## Exercise requirements
Would you transcribe each entry exactly as it stands, omitting the pictures?

## Data supplied
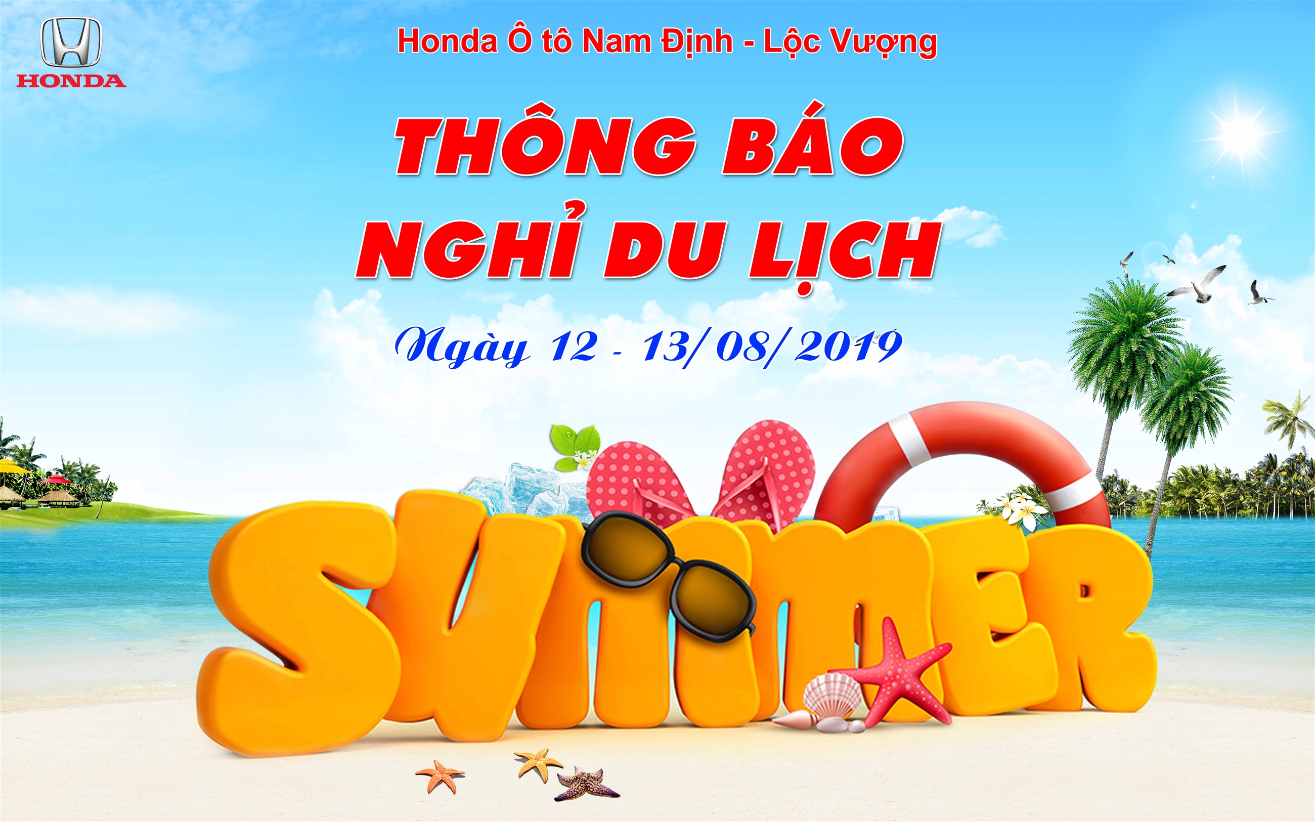 Honda ô tô Nam Định - Lộc Vượng xin thông báo: Ngày 12/08/2019 và 13/08/2019 showroom sẽ nghỉ 2 ngày để cán bộ công nhân viên đi du lịch.
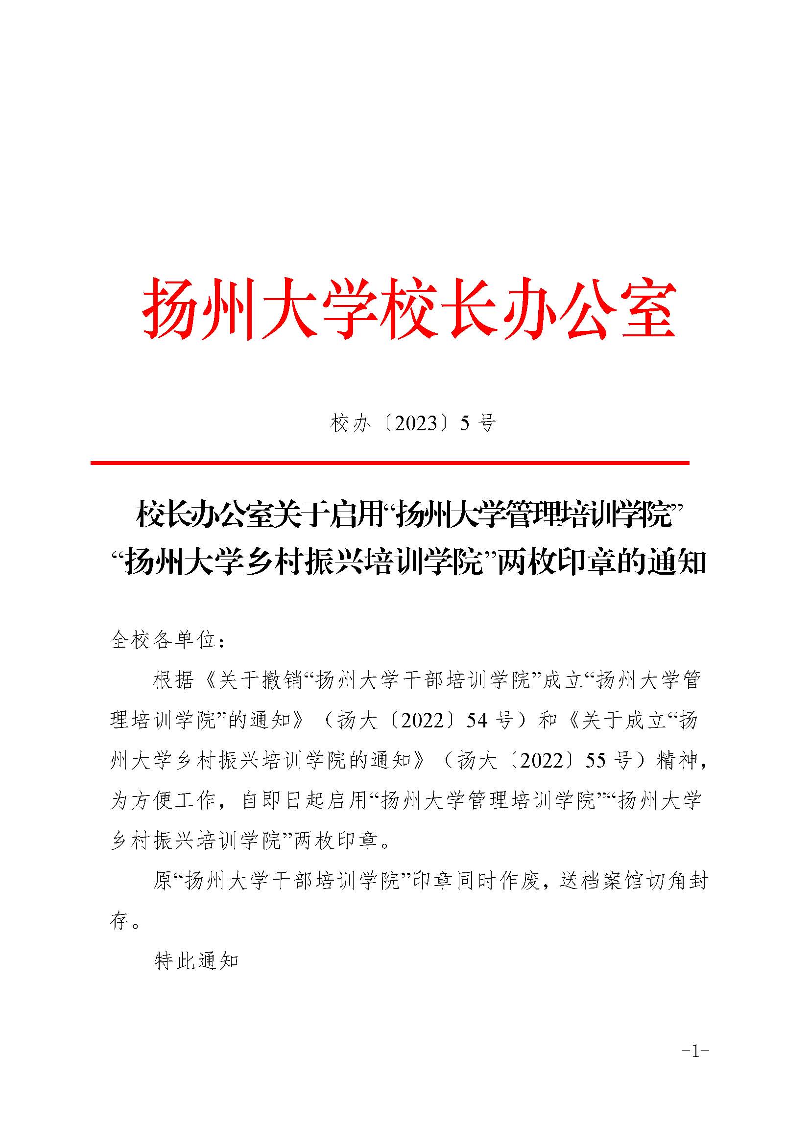 校长办公室关于启用“扬州大学管理培训学院”“扬州大学乡村振兴培训学院”两枚印章的通知
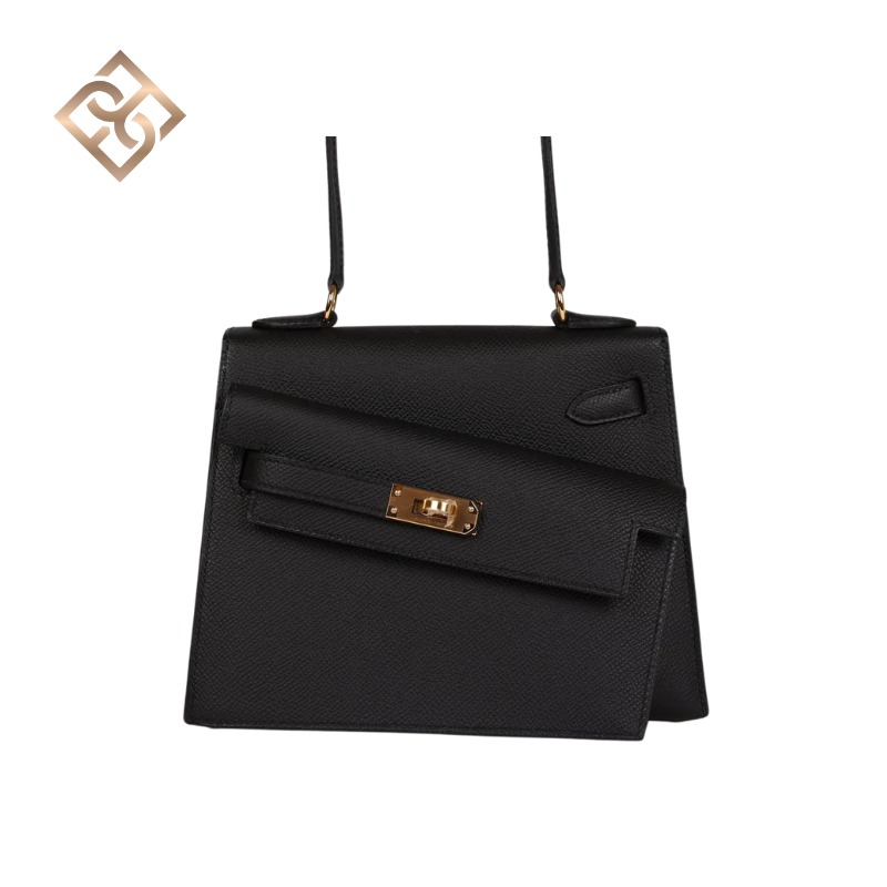 / Hermès Kelly Sellier En Desordre 20 Black Epsom Gold Hardware
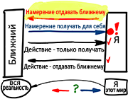 В нашем мире существует действие по получению и действие по отдаче ближнему, а также намерение получать для себя. Только намерения отдавать ближнему здесь нет, только на это я неспособен. Я могу дать кому-то что-то или получить от кого-то что-то, но в намерении я обращен исключительно на получение для себя, тогда как намерение на отдачу ближнему относится уже к духовному миру, и до него я не дотягиваюсь. Это не моя вина, так я устроен.
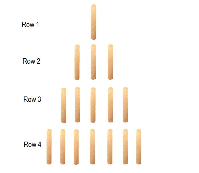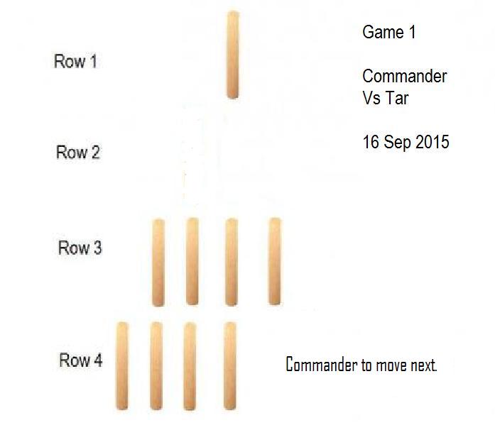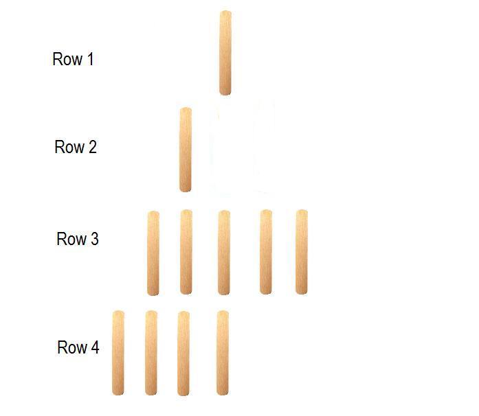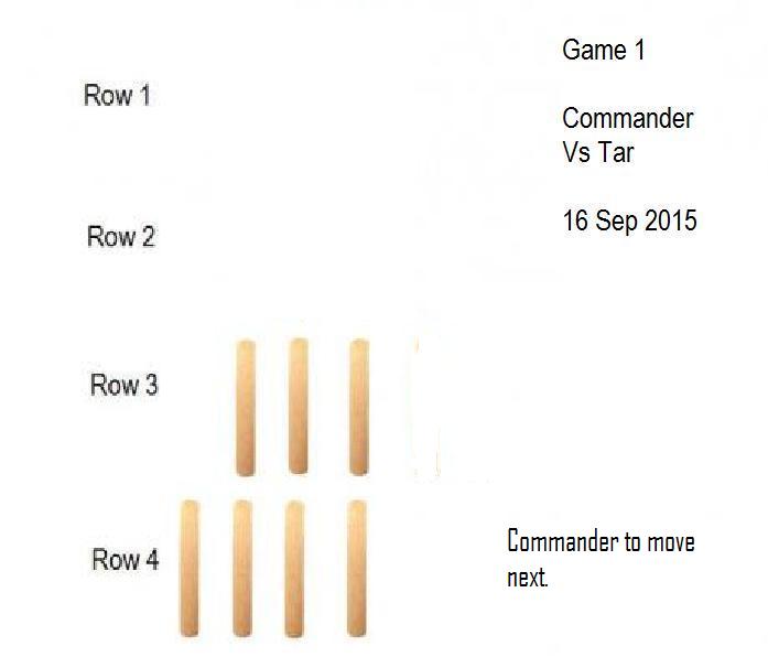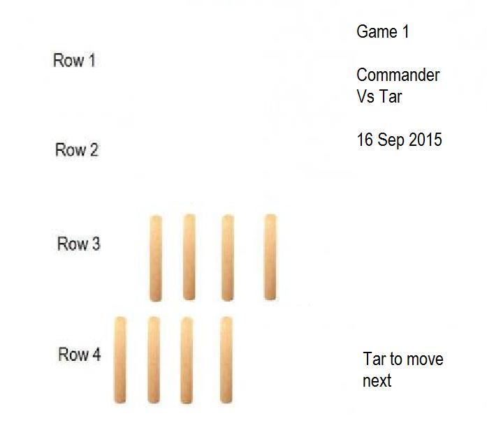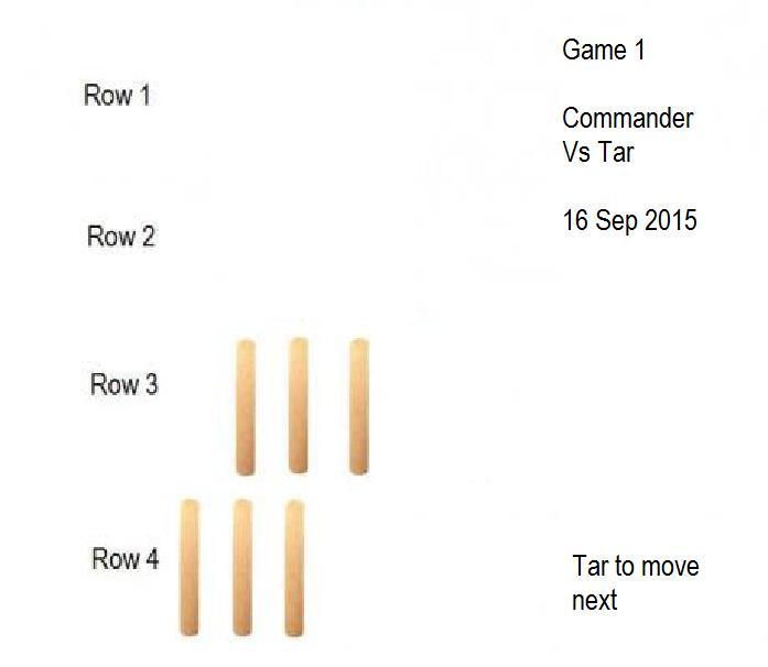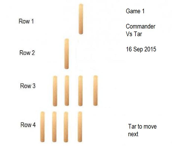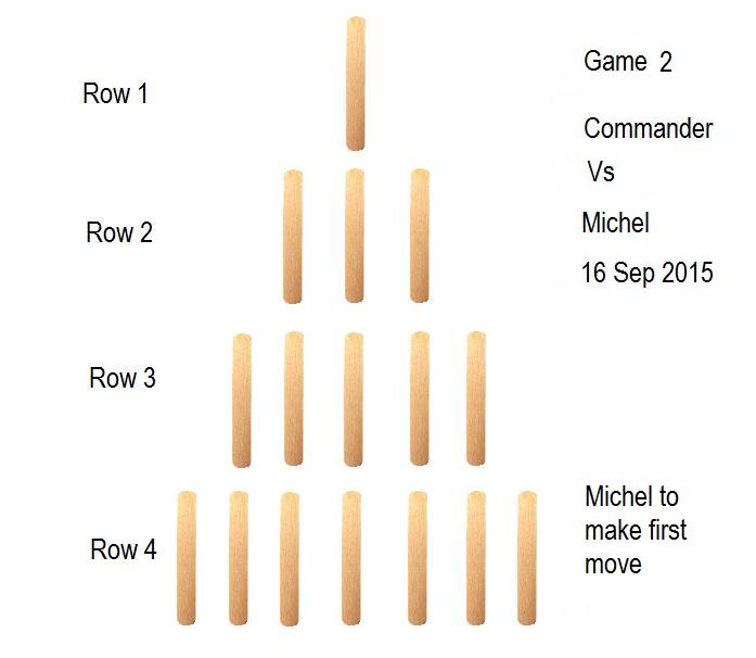 Then I will tell how many sticks I remove from which row and redraw the diagram for the left over sticks.

## Exercise output
 Honda ô tô Nam Định - Lộc Vượng xin thông báo: Ngày 12/08/2019 và 13/08/2019 showroom sẽ nghỉ 2 ngày để cán bộ công nhân viên đi du lịch.
 校长办公室关于启用“扬州大学管理培训学院”“扬州大学乡村振兴培训学院”两枚印章的通知
 / Hermès Kelly Sellier En Desordre 20 Black Epsom Gold Hardware
 В нашем мире существует действие по получению и действие по отдаче ближнему, а также намерение получать для себя. Только намерения отдавать ближнему здесь нет, только на это я неспособен. Я могу дать кому-то что-то или получить от кого-то что-то, но в намерении я обращен исключительно на получение для себя, тогда как намерение на отдачу ближнему относится уже к духовному миру, и до него я не дотягиваюсь. Это не моя вина, так я устроен.
 Then I will tell how many sticks I remove from which row and redraw the diagram for the left over sticks.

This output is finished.